TaxWatch, the research institute that promotes political and economic freedoms of Floridians, said in a report that Pinellas, Miami-Dade and Lee counties make up about 48 percent of the total subsidized and state policies most affected by the increases. In total, about 268,648 policies will be affected.
Jack McCabe, CEO of McCabe Research & Consulting, said South Florida’s real estate economy already is feeling the pain.
“I have Realtors and others calling and saying that this is already killing” deals, McCabe said. So far, commercial property and second-mortgage lenders have felt the pain.
The struggles come as no surprise to FEMA.

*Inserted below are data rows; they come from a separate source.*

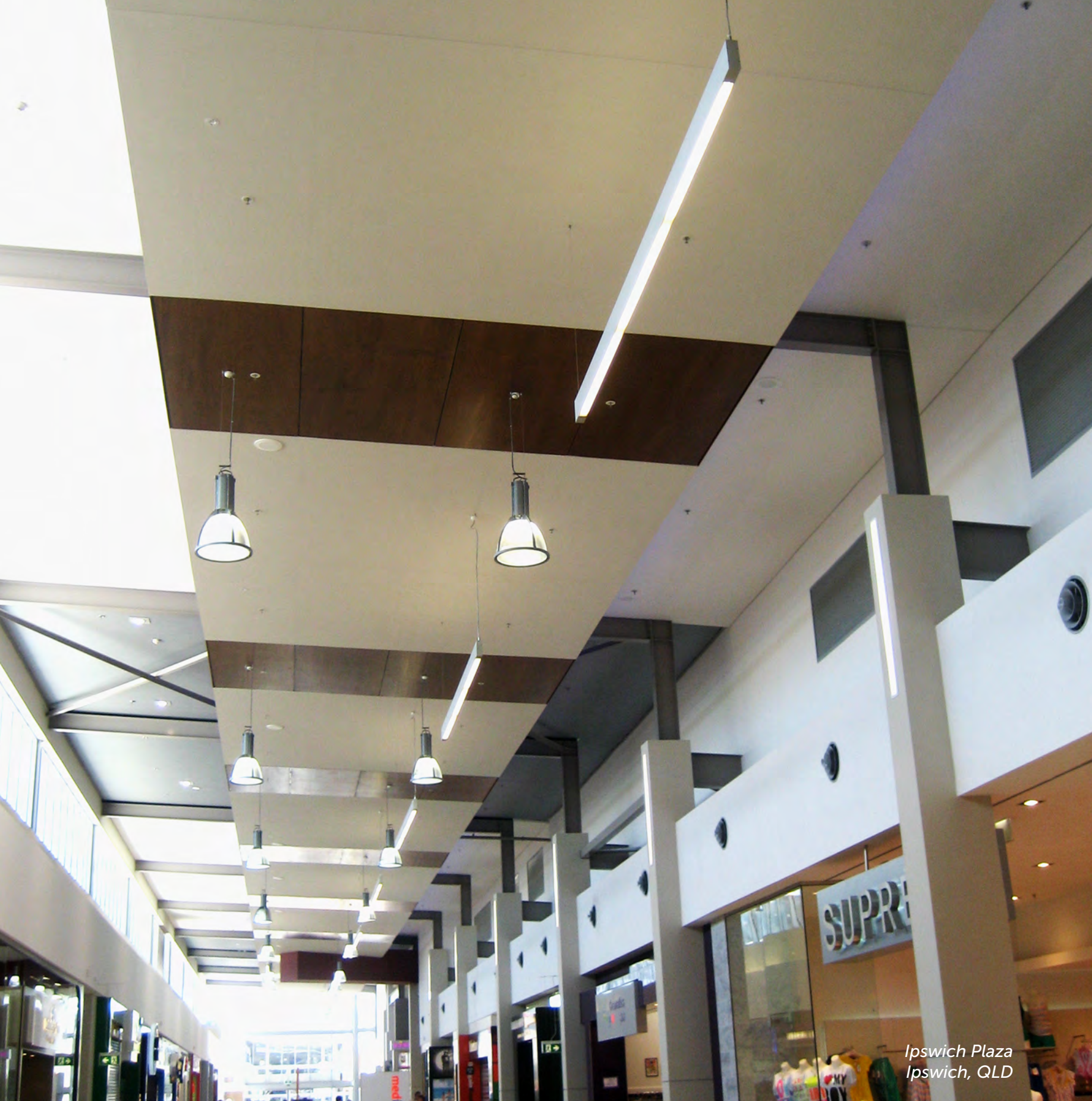
Ipswich Plaza Ipswich, QLD
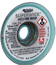
5 ft / 1.5 m spool
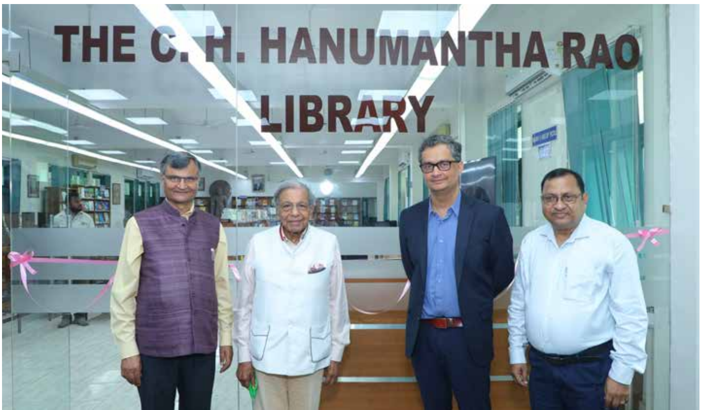
Renaming of IEG Library as the C.H. Hanumantha Rao Library (July 7, 2023)
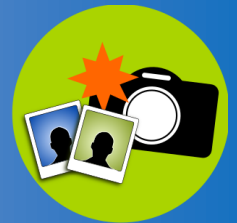
Photo Booth Available

Parents please pick up your child by 10 pm
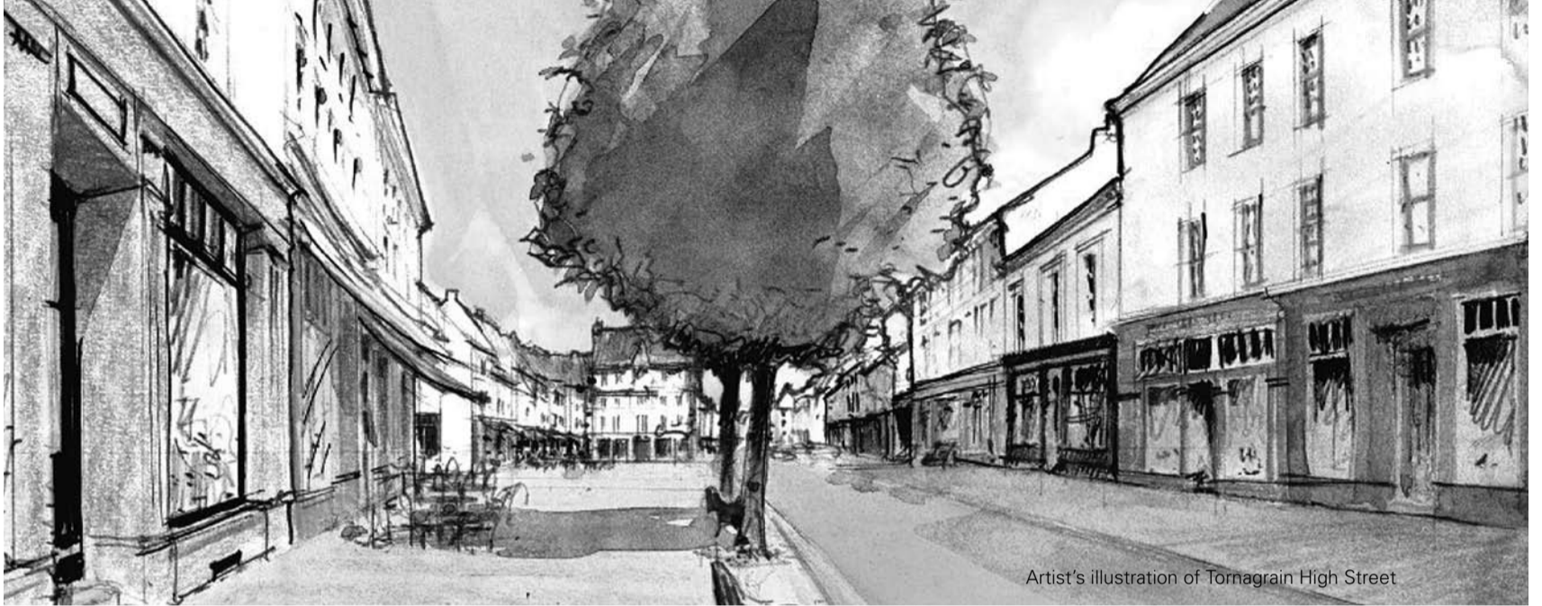
Artist's illustration of Tornagrain High Street

between 12 noon and 9pm (Wednesday) 10am and 9pm (Thursday) at Petty Church Hall, off the A96 by Tornagrain
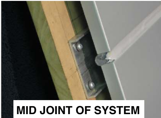
MID JOINT OF SYSTEM
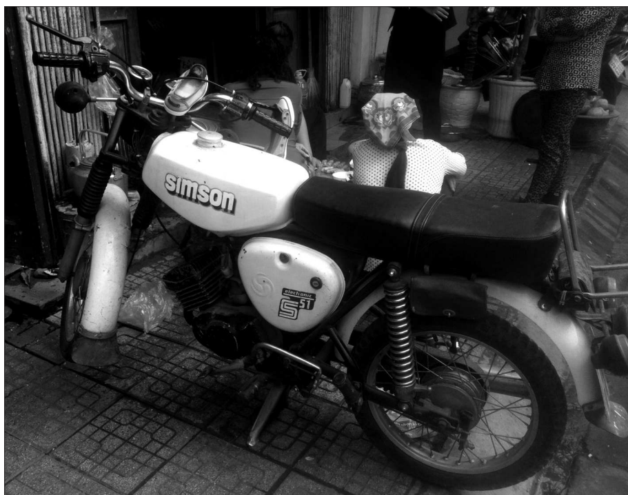
Fig. 1. GDR Simson S51 motorbike, Hanoi, 2014. (Pham Phuong Chi)

nually, the Vietnamese government considers the exportation of labor vital to the project of viable and sustainable nation-building: generating new jobs, increasing both household income and flows of foreign currency, and strengthening relationships with cooperating countries. 2 And while Vietnamese researchers have noted that labor migration outflows have indeed had a “profound impact on the reduction of poverty and unemployment” in Vietnam, 3 the extent to which an export labor system under global capitalism can effectively decrease poverty over the long term, or might only be a temporary panacea, has yet to be determined.
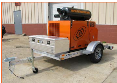
TRAILER KIT (20357)
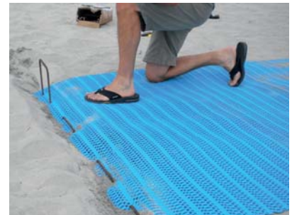
Pinning down the ends
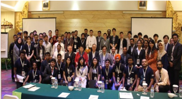
Group Photo of the participants of the SAC track
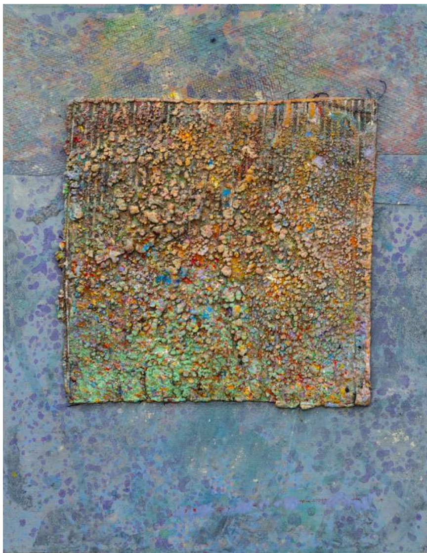
Relic , 2023, acrylic on canvas with assemblage (fabric), 14 x 11 inches
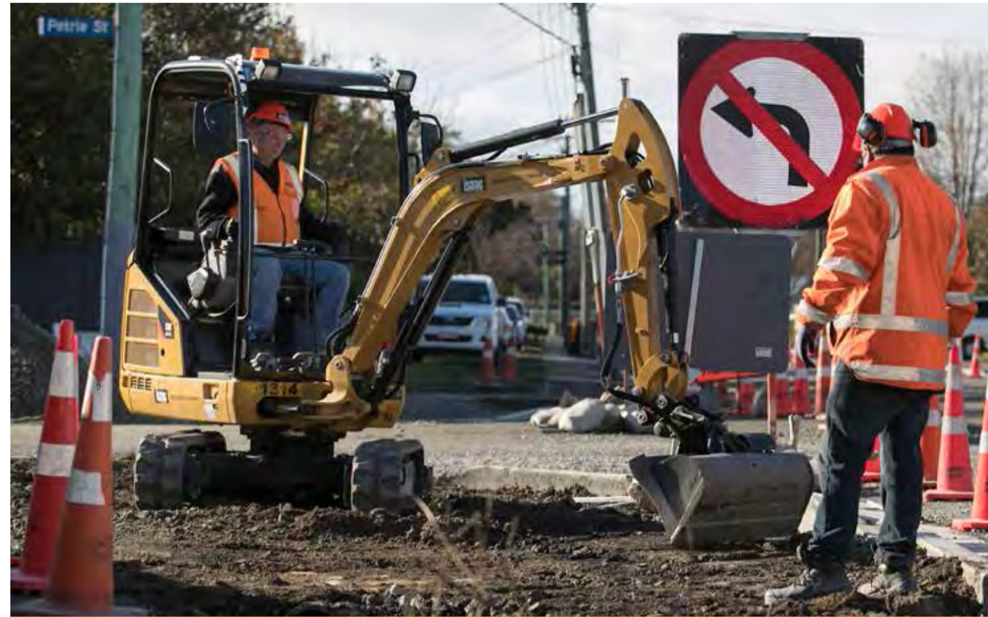
Contractors dig out the footpath as part of the Petrie Street repairs in Richmond.
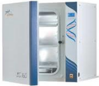
Carbon Dioxide Incubator
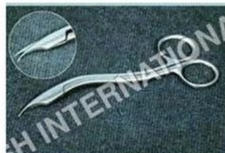
Stitch Cutting Scissor
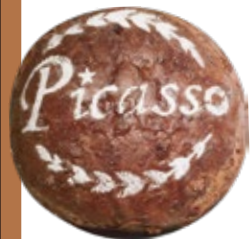
招牌紅心芭樂 Guava Artisan Bread
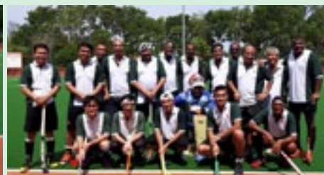
The Team from St Paul's Institution, Seremban.
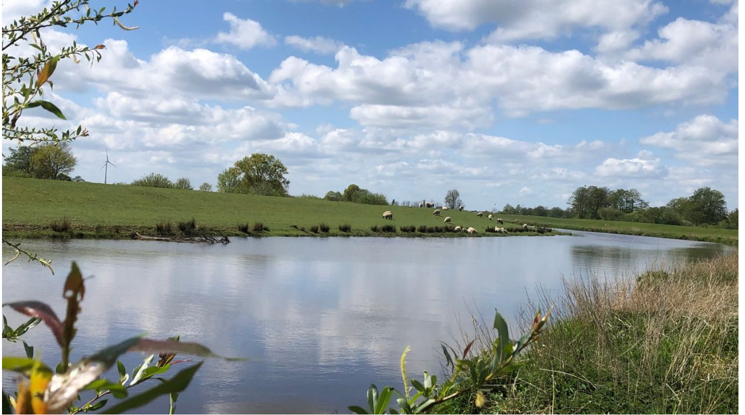
Flusslandschaft Aper Tief
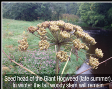
Seed head of the Giant Hogweed (late summer). In winter the tall woody stem will remain
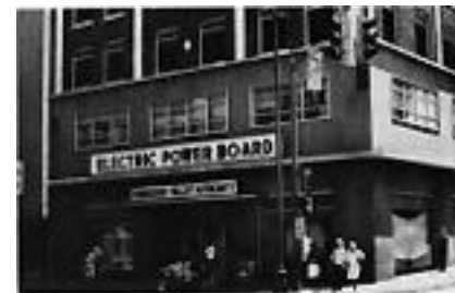
33. Electric Power Board.
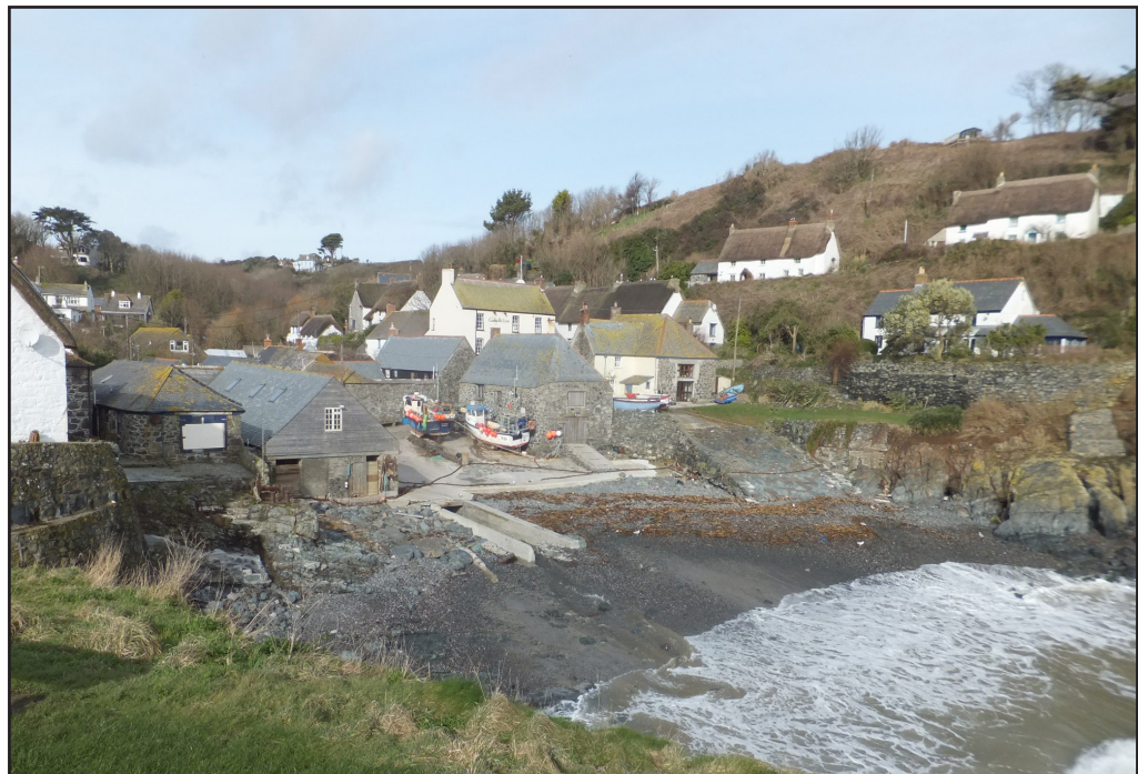
Figure 1: Cadgwith beach

It is unknown when, and what caused the single-handed sea angler to fall overboard, but it is almost certain that he entered the water while Amy Jane was
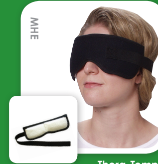
Thera-Temp® Eye and Sinus Wrap
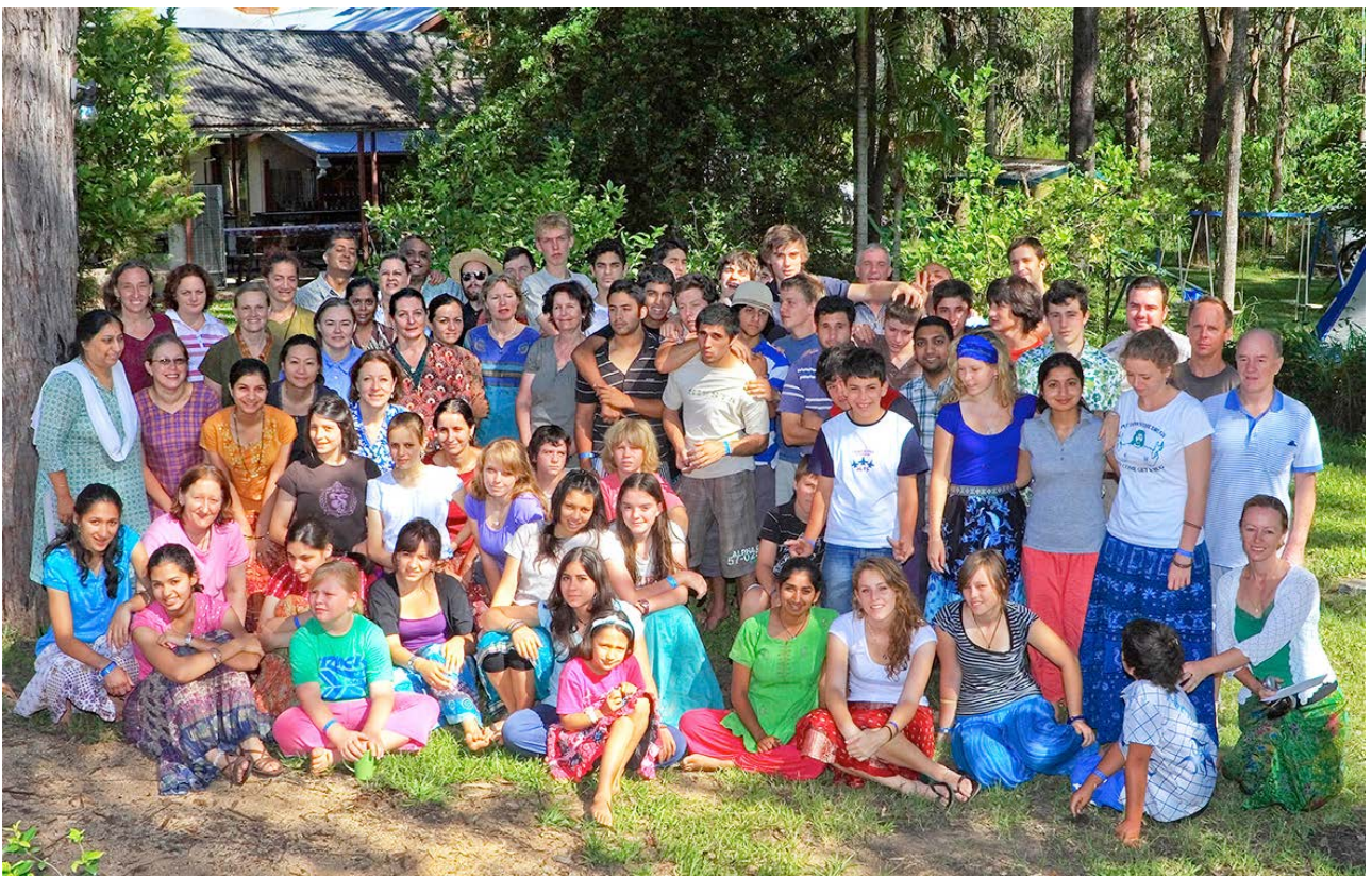
Early days at Wamuran. Recognise anyone?
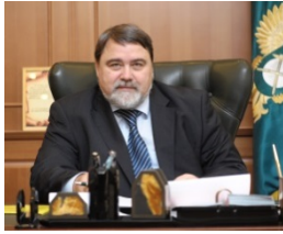
Igor Artemiev Head Federal Antimonopoly Service of the Russian Federation

25 years ago a truly a significant event took place in Russian economic policy - that year had become the starting point of the anti-monopoly regulation in Russia. At the end of the 80's – beginning of 90's the implementation of new economic reforms in the Russian Federation has necessitated a completely new legal framework. It was then that the first steps of development of competition within a market economy were taken.
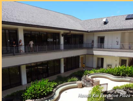
Hawaii Kai Executive Plaza
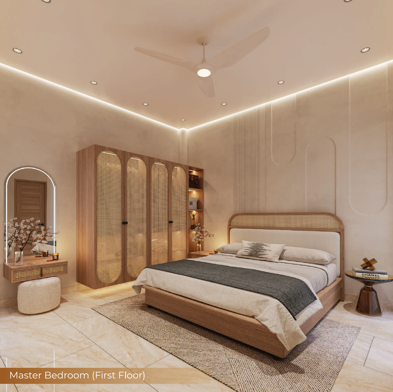
Master Bedroom (First Floor)
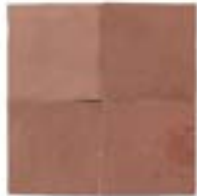
COPPER ROSE ZL-505
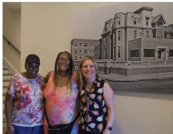
The ArtWorks mural and artwork in the common areas enhance the community for the benefit of residents, visitors, and staff.
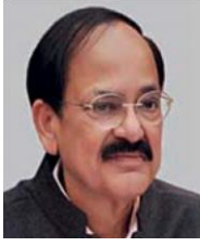
एम. वेकैया नायडु M. VENKAIAH NAIDU
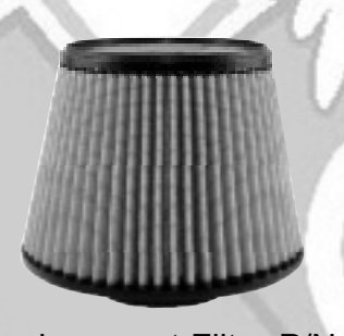
Replacement Filter P/N: TF-9008D
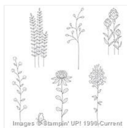
Flowering Fields Clear-Mount Stamp Set - 141303
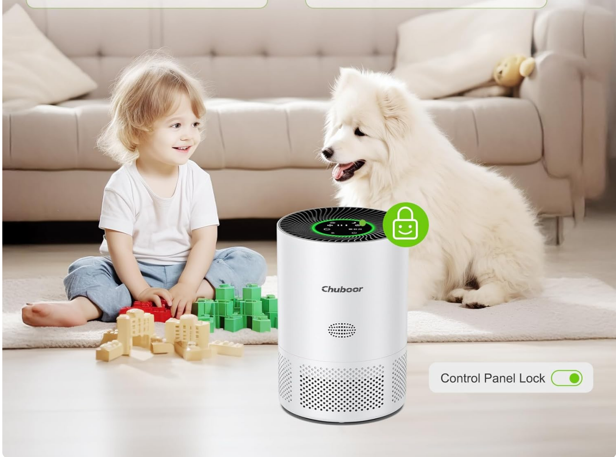
Figure 6: Kid-Friendly Design with Child Lock and Timer.

2H 4H 8H Timer mode Timer setting for energy efficiency.
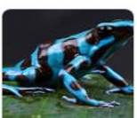
Poison dart frog
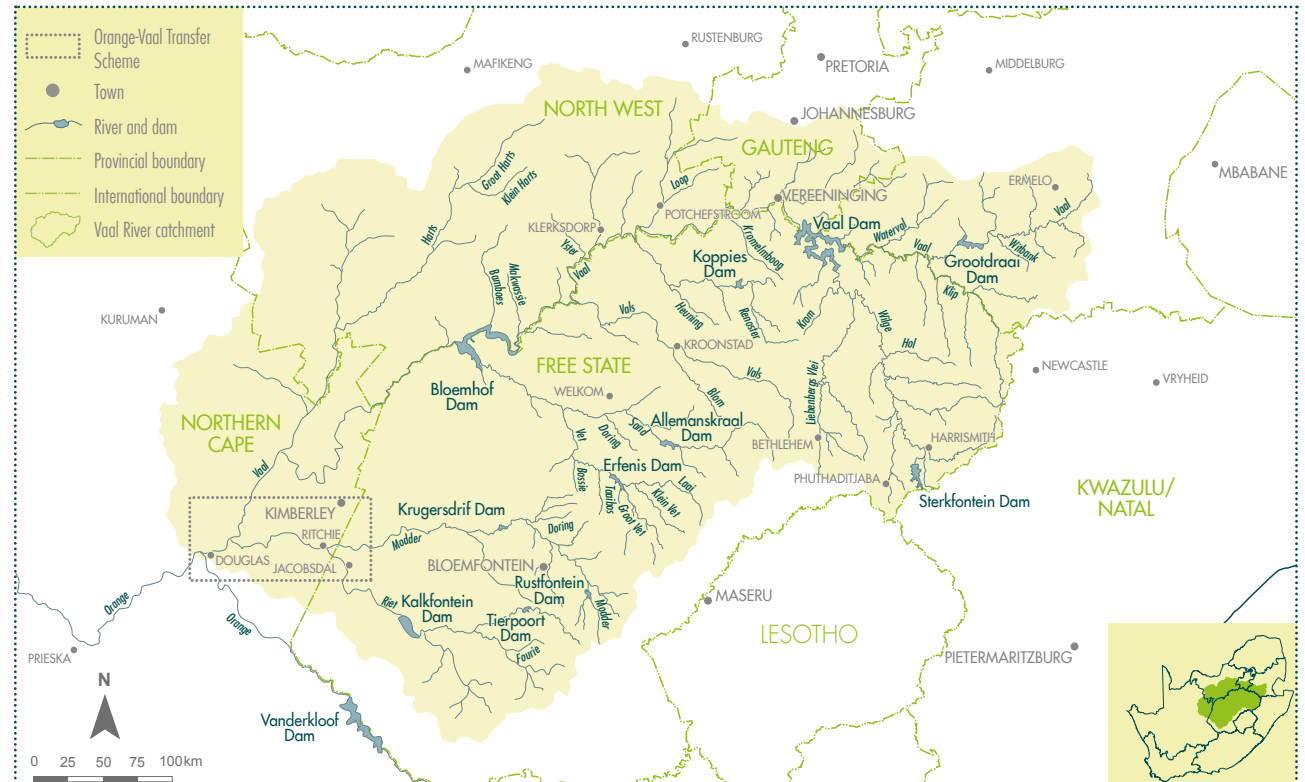
Upper Orange Transfer Scheme (from map produced by the SA Department of Water Affairs)

The Alberton Canal (or Atherton Canal): Water is released from Douglas Weir via an unlined third canal, the Alberton Canal, which runs along the right-hand side of the Vaal River to the Atherton Plots.
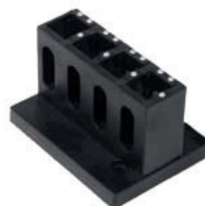
Cat. No. 18900331 4-cell holder for 10mm sq. cuvette
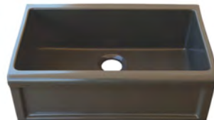
26 Sepia Brown
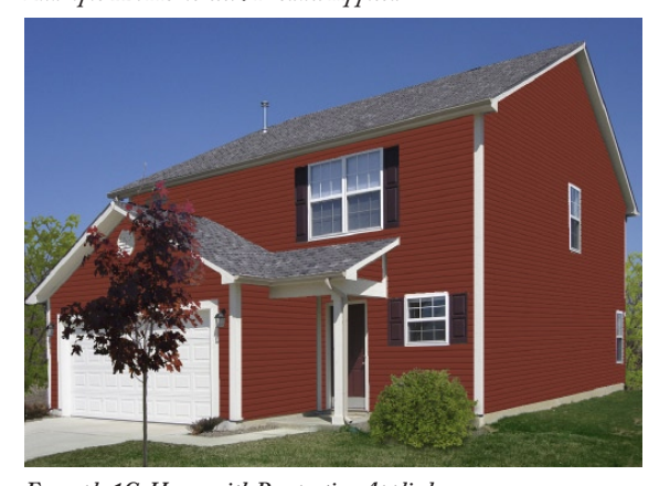
Example 1C: Home with Perspective Applied

In response to an email sent by Watchdog.org asking the agency if it was aware of cases like McLaughlin's, a representative sent us to this link. There, FEMA indicates that about one-fifth of policies increased 25 percent to reflect the cost of the total risk, but the information sheet doesn’t explain why some policies have increased more than 700 percent from one year to the next.
“The problem is that people are also beginning to see increases in property taxes because the market prices have increased in the last 18 months,” McCabe said.
Florida lawmakers introduced legislation Dec. 17 to lessen the effects of the flood insurance reform, as well as encourage more private insurers to participate. The sponsors of the bill, Sen. Jeff Brandes, R-St. Petersburg, and Rep. Larry Ahern, R-Seminole, are confident private insurers will see there’s money to be made once they do the math. Since 1978, Florida property owners have paid $16 billion in premiums while only receiving $4 billion in claims payments.
Not everyone is sold on the idea.
“The insurance industry is in business to make money, but we don’t know if they will want to issue policies in high-risk areas,” McCabe said.
Florida isn’t the only state devastated by the new reforms. In September, Mississippi sued FEMA to get the courts to exempt the state’s property owners from steep rate increases.
McLaughlin, meanwhile, lives with buyer’s remorse.
“With my various contacts with senators and representatives in Florida and Maryland, I was getting no advice, help or support. I was on my own trying to figure out what I should do.
“I’m stuck with a house I can’t sell. I can’t fix up the house because it has no value to me now,” McLaughlin said.
And since no other private insurer has been willing to issue a policy on the property, the couple feel its only hope is to try to pay off the mortgage. Without a lender calling the shots, they can opt out of the flood insurance altogether and roll the dice.
“If I had known about it, I never would have done this,” McLaughlin said.